NASA tested a new SLS booster that may never fly, and the end of it blew off

Unlike the RS-25 pulling on Stennis, NASA has chosen to broadcast the Booster test. Everything seemed to go up to 1 minute and 40 seconds in the burn, when a very hot exhaust panache seemed to burn part of the booster structure just above the nozzle. A few moments later, the nozzle has disintegrated.
Solid rocket boosters cannot be deactivated after ignition, and for better or for worse, the engine continued to shoot until it was short of propellant about 30 seconds later. The rocket triggered a fire in the hills overlooking the test stand.
It was the first test program for the Obsolescence and Life Extension Program (BOLE), which aims to develop a solid solid booster of more efficient rockets for SLS missions. NASA has awarded Northrop Grumman a $ 3.2 billion contract in 2021 to produce boosters with existing shuttle parts for five SLS (Artemis IV-VIII) missions) and design, develop and test a new Booster design for Artemis IX.
Boosters produce more than 75% of the thrust required to propel the SLS rocket out of the launch pad with the Orion spacecraft to the NASA crew on the top. Four RS-25 engines fuel the main step, collectively generating more than 2 million pounds of push.
Northrop Grumman calls the new booster “the largest and most powerful Segmented Solid Rocket Engine never built for human space flight”.
One of the most important changes in Booster’s Booster design is that it replaces the steel cases of the shuttle era with composite carbon fiber cases. Northrop says that new cases are lighter and lighter. It also replaces the steering system of the booster hydraulic thrust vector with an electronic system. The powered propeller inside the booster is also different, using a mixture that Northrop wraps inside its commercial rocket engines instead of the recipe used for space shuttle.

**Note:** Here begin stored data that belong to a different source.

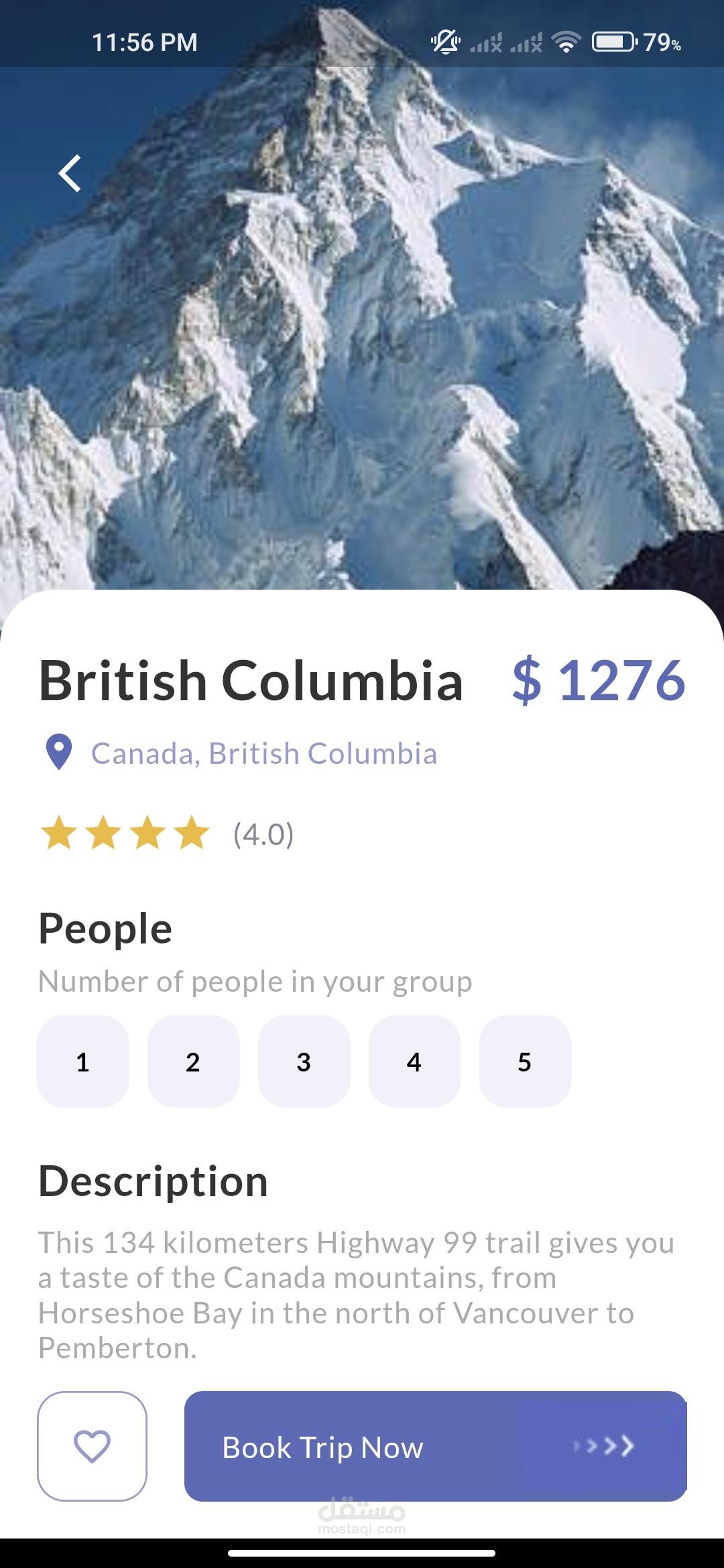 Destination details screen: This screen displays detailed information about a specific travel destination, including its name, description, and price.
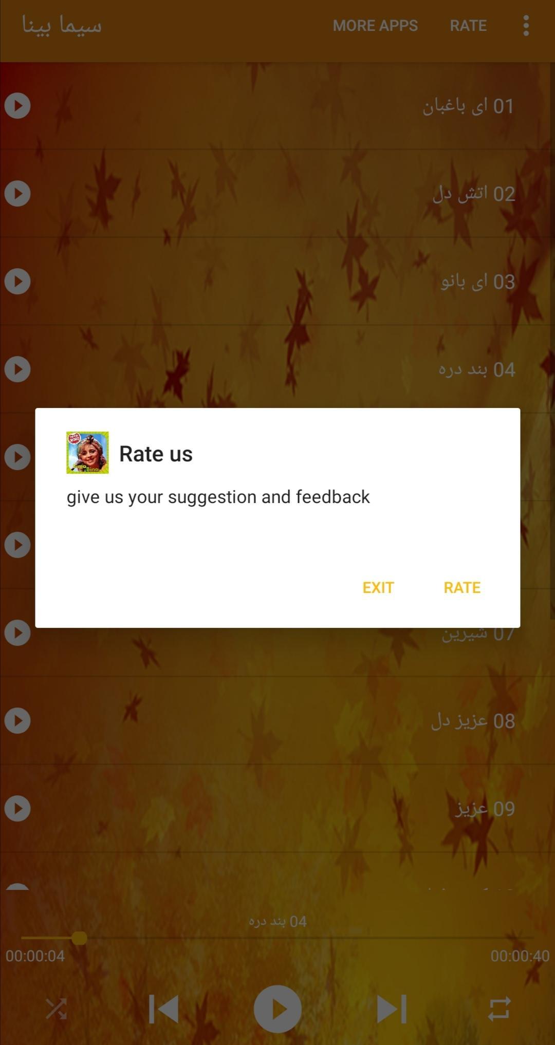 لذت بردن از موسیقی ایرانی با استفاده از این برنامه جدید و رایگان که بدون اینترنت کار می کند. ما بهترین خواننده های ایرانی را با بهترین کیفیت از ایران جمع آوری می کنیم.
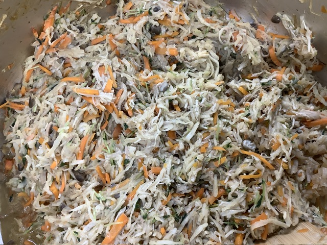 切干大根、にんじん、しめじ、えのき、豆苗、ツナが入りました。こども達が食べやすいように、ツナを加えました。それでも千切大根は苦手な子が多く見受けられます。どの組み合わせなら食べやすいかなと、給食チームは日々試行錯誤しています🧑🏻🍳
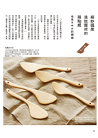 然而,在這本書裡稍微擴大了這個詞彙的釋義範圍,涵蓋了包括餐桌或廚房周邊所使用得到的木作餐用道具。意思就是說,諸如抹刀、飯勺、筷子&筷架、奶油盒、茶罐、便當盒、木碗、托盤等也將一併登場。
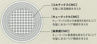 毛髪は、キューティクル、CMC、コルテックスの順番でダメージが進行していきます。
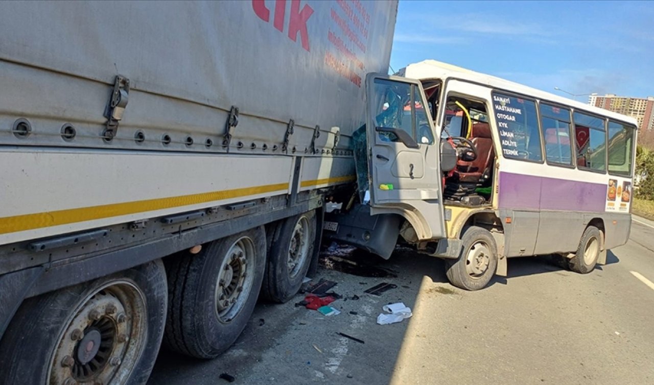 Minibüsün tıra çarptığı kazada 12 kişi yaralandı
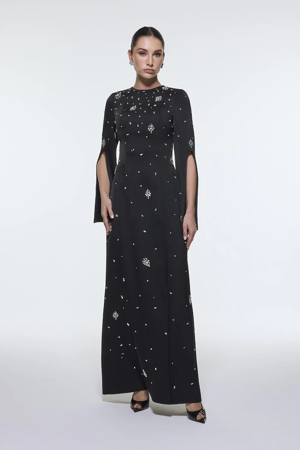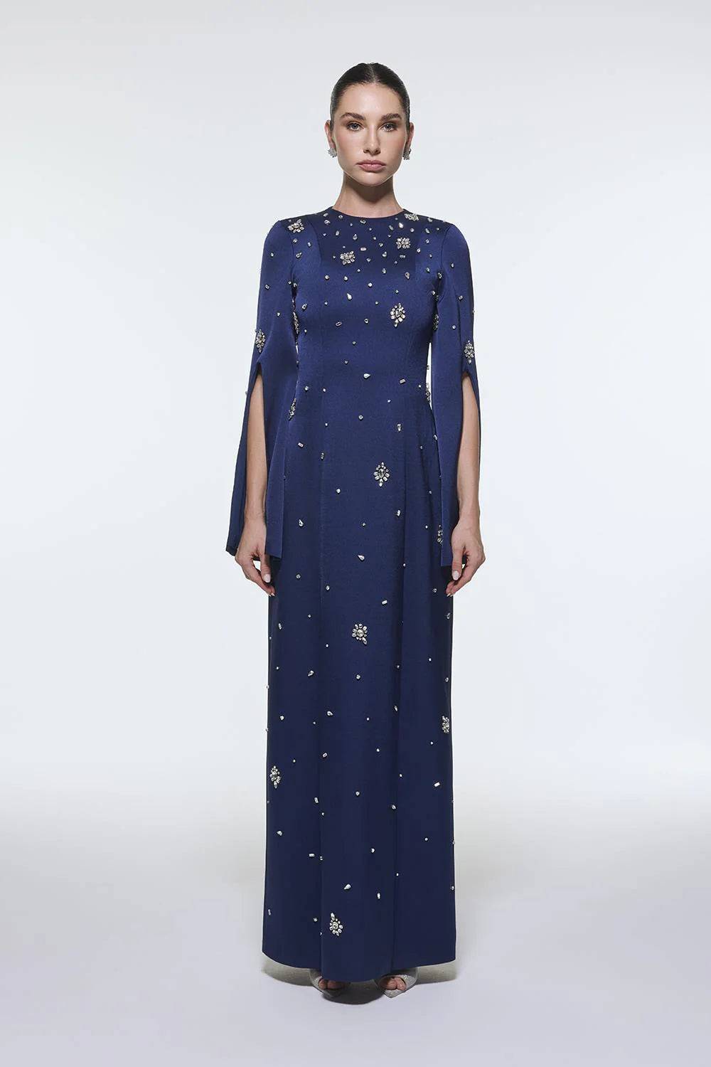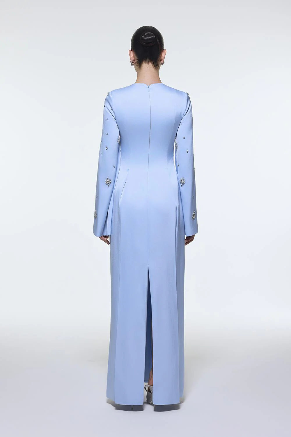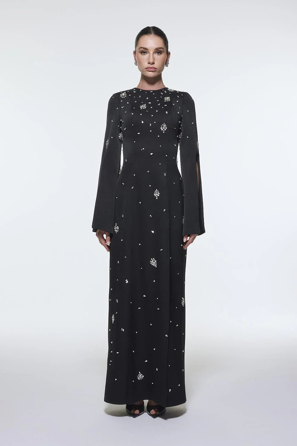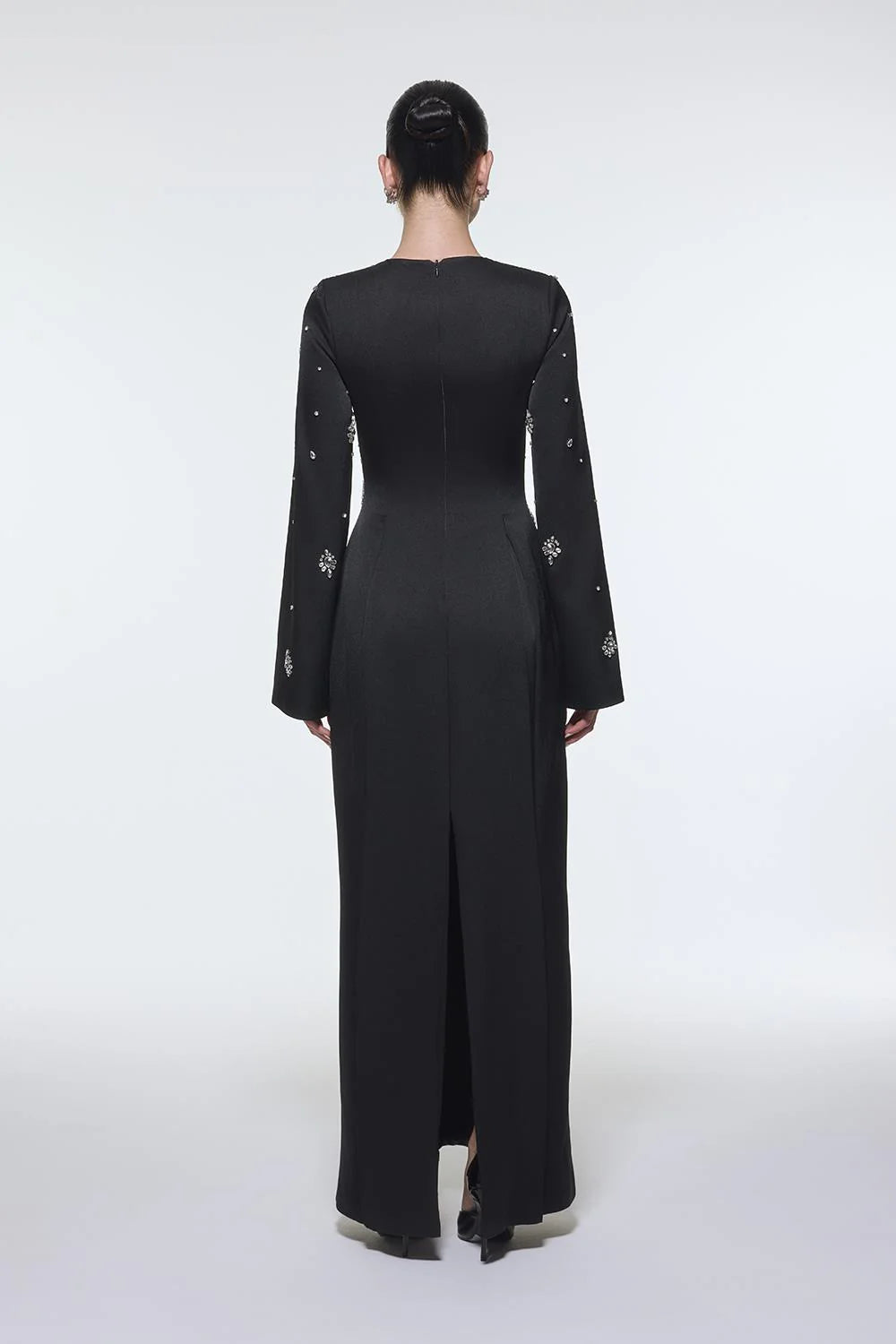 TAŞ İŞLEMELİ UZUN KOLLU KREP ABİYE ELBİSE - 9403C
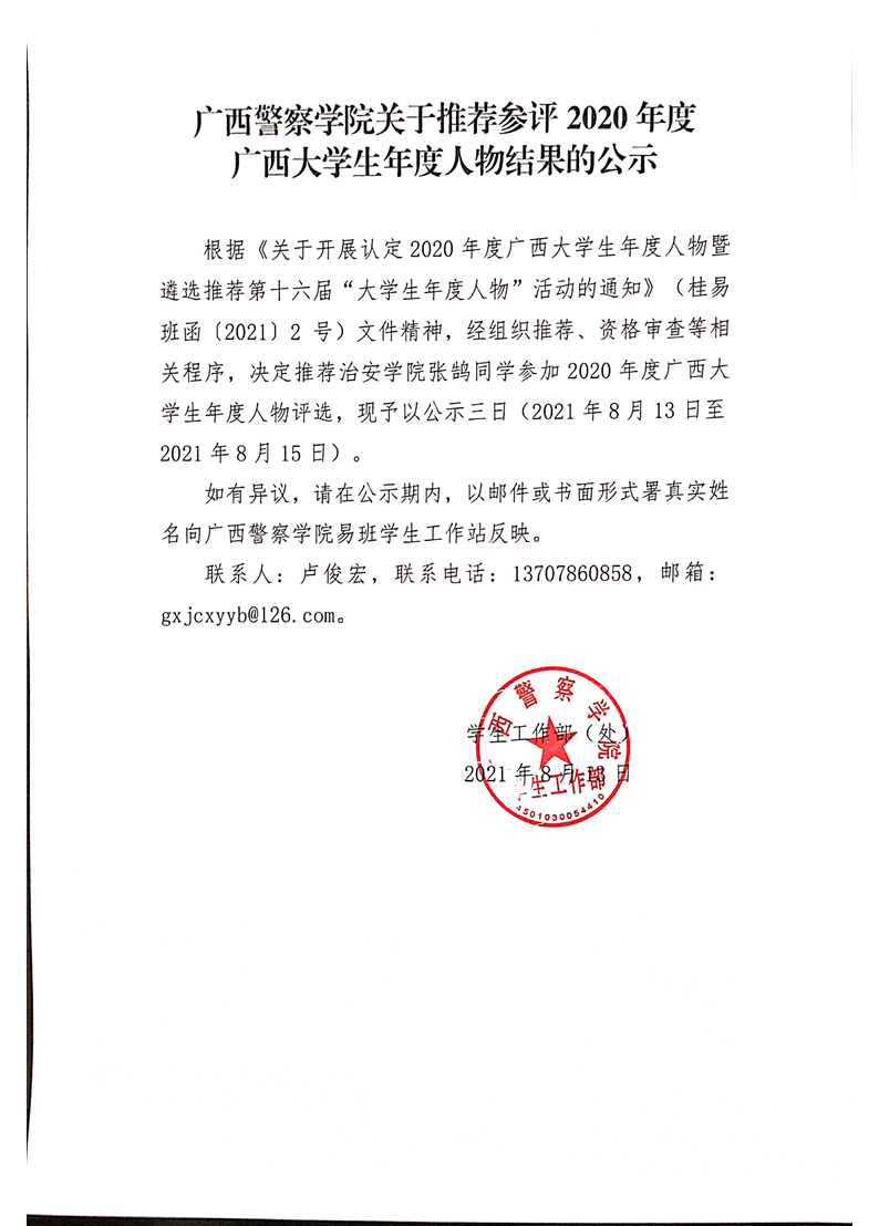 beat365唯一官方网站关于推荐参评2020年度广西大学生年度人物结果的公示
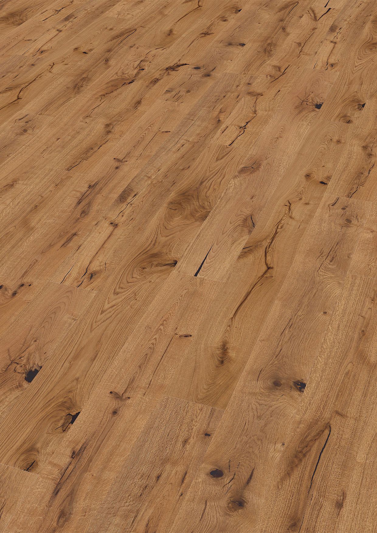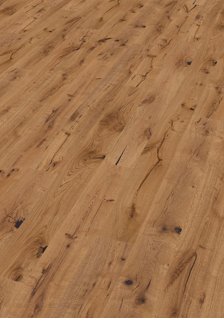 Hochwertiger Boden mit längsseitiger Fase und modernem Clicsystem (uniclic® längsseitig, Drop-Down stirnseitig). 3-schichtiger Aufbau mit massiver Holzmittellage und ca. 4 mm Nutzschicht für hohe Stabilität.
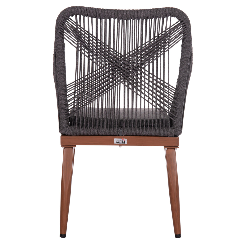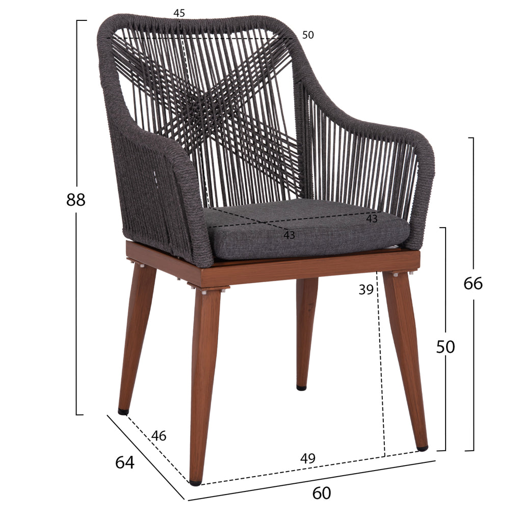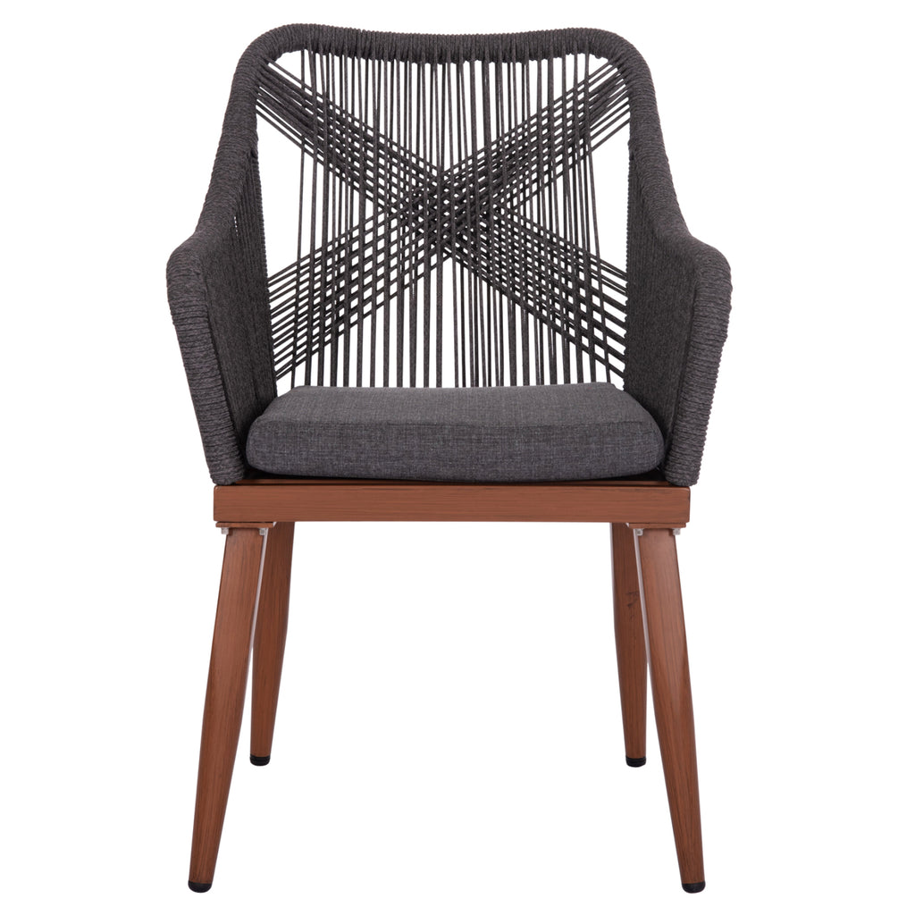 Търсите елегантно и удобно решение за обзавеждане на открито? Това модерно външно кресло с алуминиева конструкция в цвят орех и плетено въже в сив нюанс е създадено с внимание към детайла и удобството. Комбинацията от висококачествени материали и изчистен дизайн го правят подходящо както за трапезария на открито, така и за уютен кът в градината, верандата или балкона.
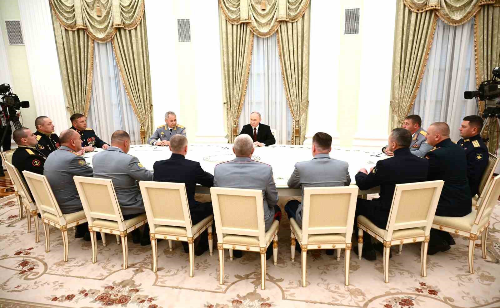 Rusya Devlet Başkanı Vladimir Putin, Ukrayna’daki çatışmalarda görevli birliklerin komutanlarıyla Kremlin Sarayı’nda toplantı yaptı. Rusya Savunma Bakanı Sergey Şoygu’nun da yer aldığı toplantıda, Ukrayna’daki operasyonların başarıya ulaşması gerektiğini ve bu hedefle hareket ettiklerini belirten Putin, “Ülkenin kalkınması için tüm başarılarımızın temeli olan ekonomi alanında, sosyal alanda, Rusya’daki aileleri güçlendirme, sağlık ve eğitim alanında önemli görevlerimiz var. Tüm bu görevlerin eksiksiz olarak yerine getirilmesini sağlamak için her türlü fırsata, kesinlikle her türlü fırsata sahibiz. Ancak yalnızca tek bir şart var, o da muharebe sahasındaki başarılı çalışmalarınız. Bugün itibarıyla ana unsur bu” dedi.
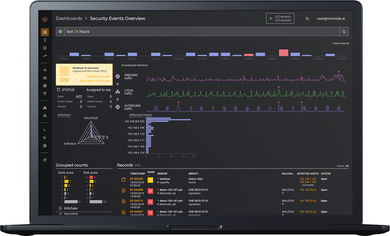 MixMode è una piattaforma di rilevamento delle anomalie nella cybersecurity che combina le funzionalità di SIEM, NDR, NTA e UEBA in un'unica piattaforma progettata appositamente per il SOC moderno. MixMode è focalizzata sulla risoluzione di tre problemi principali per il Centro Operativo di Sicurezza: fornire rilevamento di minacce e anomalie di nuova generazione, far emergere attacchi zero-day e migliorare l'affaticamento da falsi positivi negli avvisi. MixMode consente ai team di sicurezza di aumentare drasticamente la produttività e l'efficienza riducendo significativamente il tempo, lo sforzo e le risorse sprecate associati agli strumenti di cybersecurity legacy.

Northrop Grumman has had trouble with rocket nozzles in recent years. In 2019, a test engine for the Omega rocket, now a company committed, lost its nozzle during a test test in UTAH. Then, last year, a smaller booster made by Northrop flying on the Vulcan rocket of United Launch Alliance lost its nozzle in flight. The Vulcan orientation system and the main engines have corrected the problem, and the rocket has always carried out its planned orbit.